Start of Source material

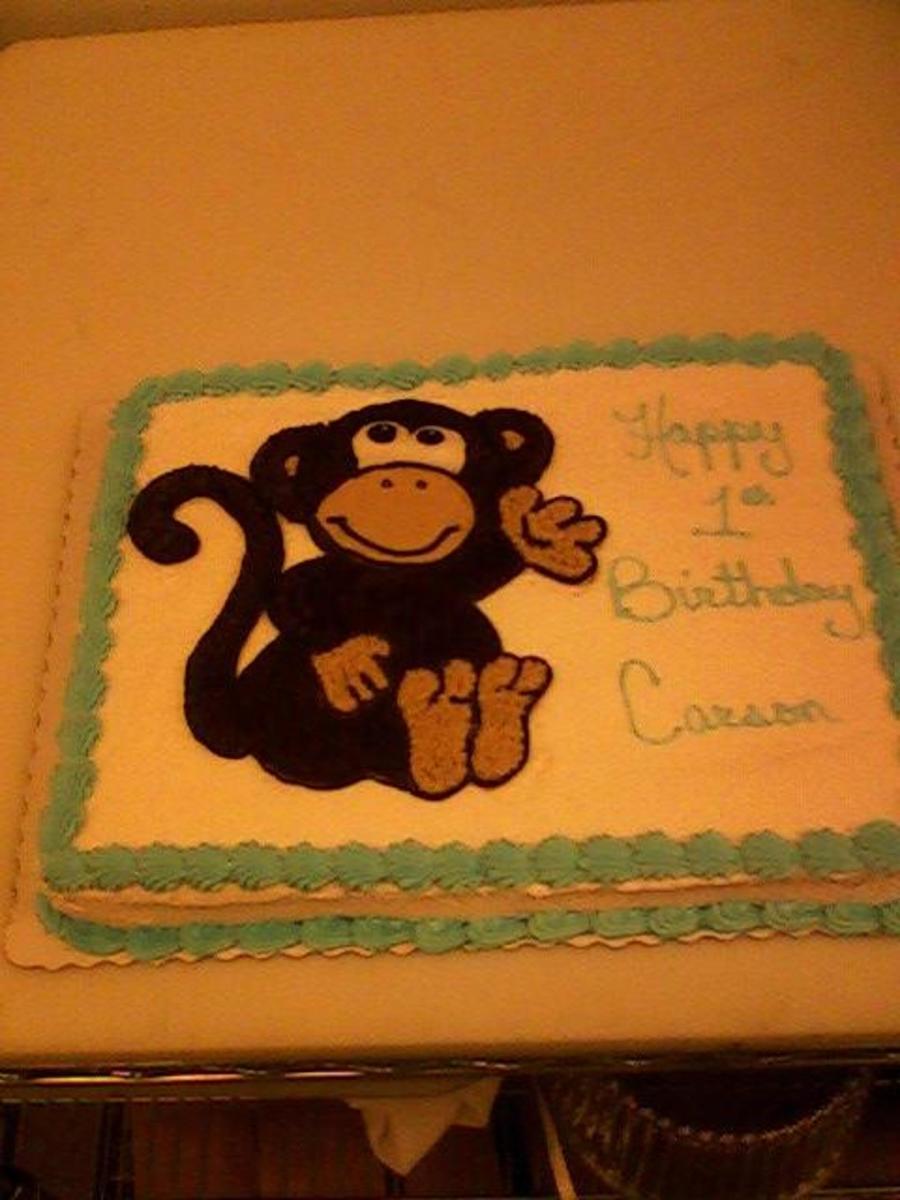 1/4 sheet cake in buttercream with a buttercream monkey
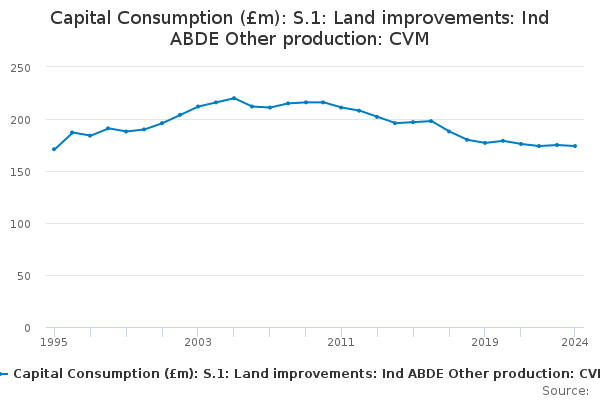 Download this time seriesCapital Consumption (£m): S.1: Land improvements: Ind ABDE Other production: CVM
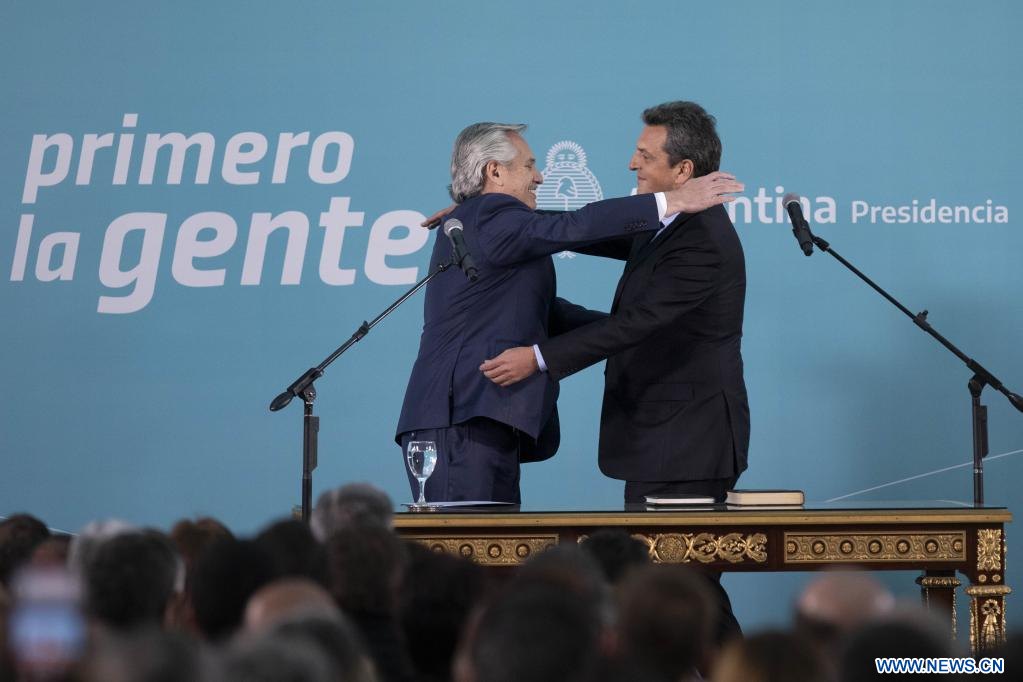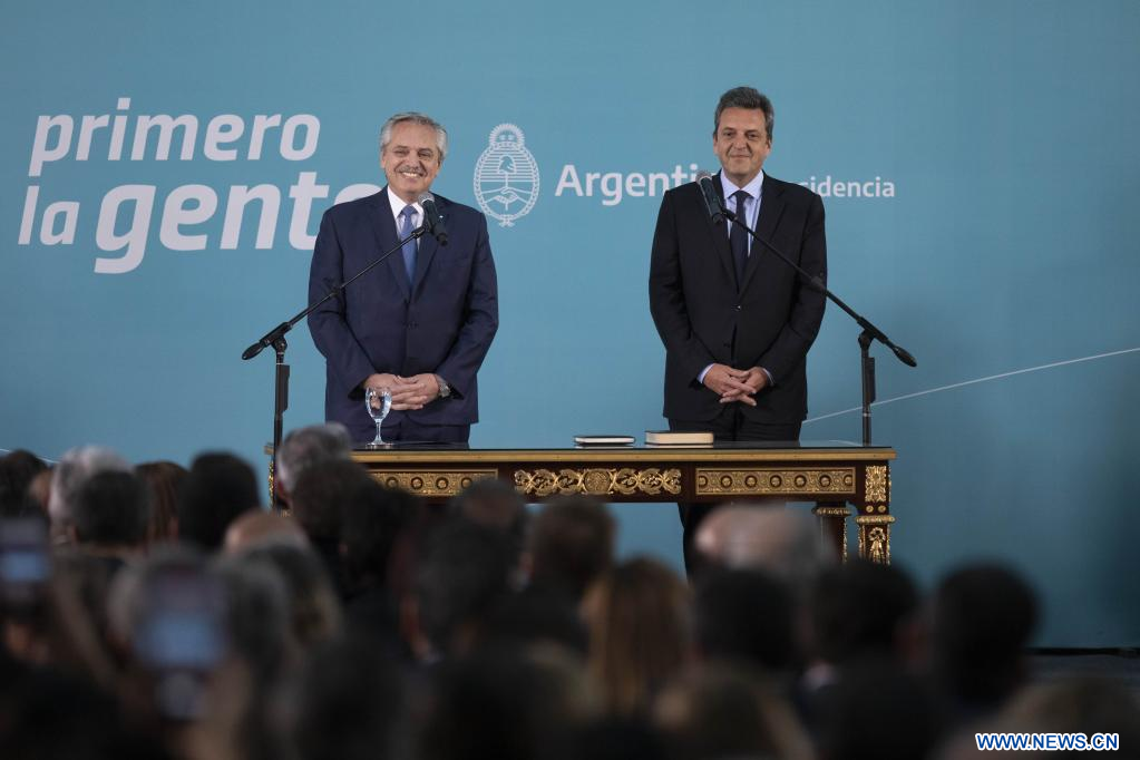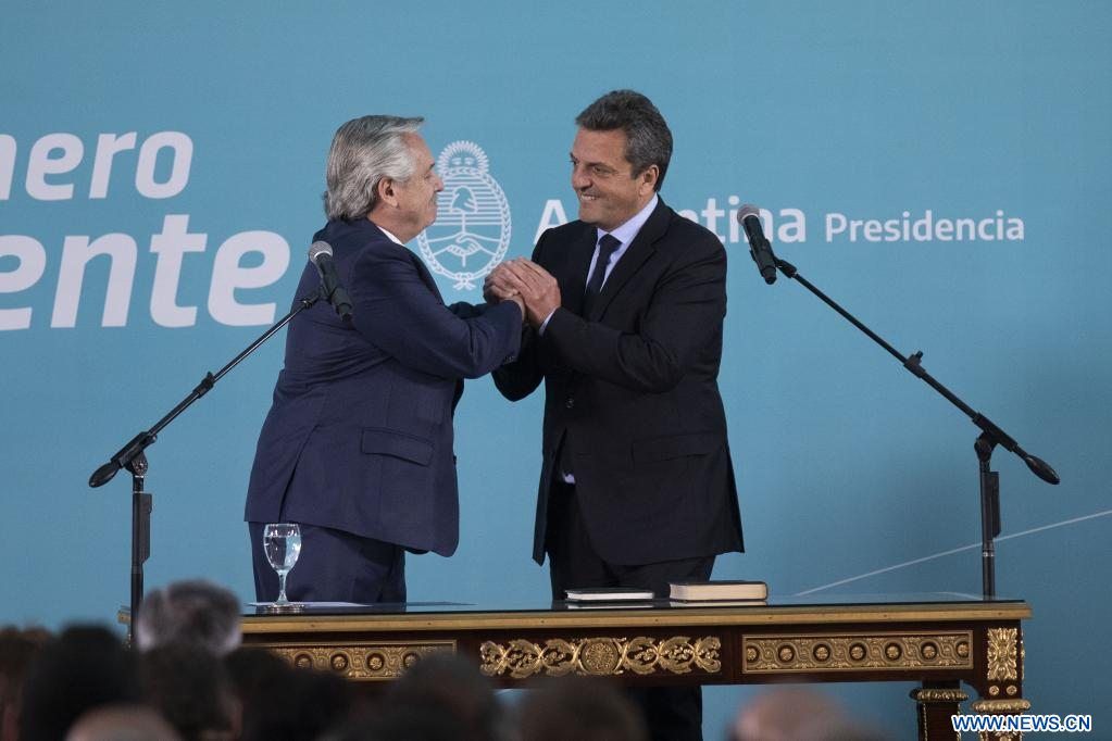BUENOS AIRES, 3 ago (Xinhua) -- El presidente de Argentina, Alberto Fernández, posesionó hoy miércoles al dirigente político Sergio Massa como nuevo ministro de Economía, Desarrollo Productivo, Agricultura, Ganadería y Pesca.
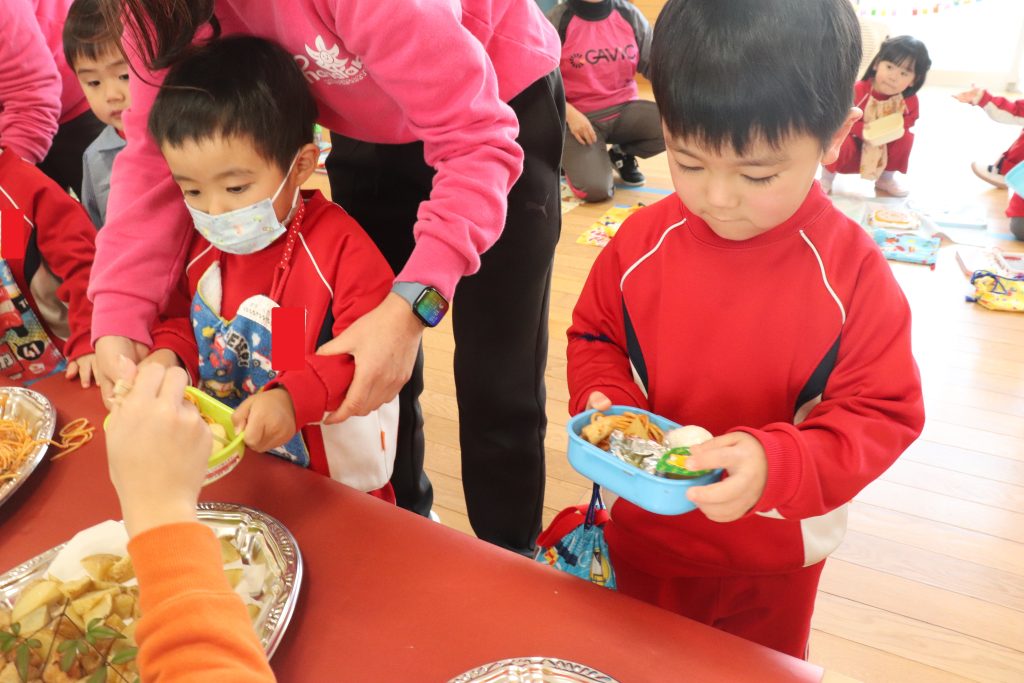 みんなでいっぱい遊んだ後は・・・お楽しみのバイキング給食~!!!

End of Source material

- **What you should do**
The whole listing should be retyped word for word; none of its pictures belong in the copy.

- **Reply to the task**
 1/4 sheet cake in buttercream with a buttercream monkey
 Download this time seriesCapital Consumption (£m): S.1: Land improvements: Ind ABDE Other production: CVM
BUENOS AIRES, 3 ago (Xinhua) -- El presidente de Argentina, Alberto Fernández, posesionó hoy miércoles al dirigente político Sergio Massa como nuevo ministro de Economía, Desarrollo Productivo, Agricultura, Ganadería y Pesca.
 みんなでいっぱい遊んだ後は・・・お楽しみのバイキング給食~!!!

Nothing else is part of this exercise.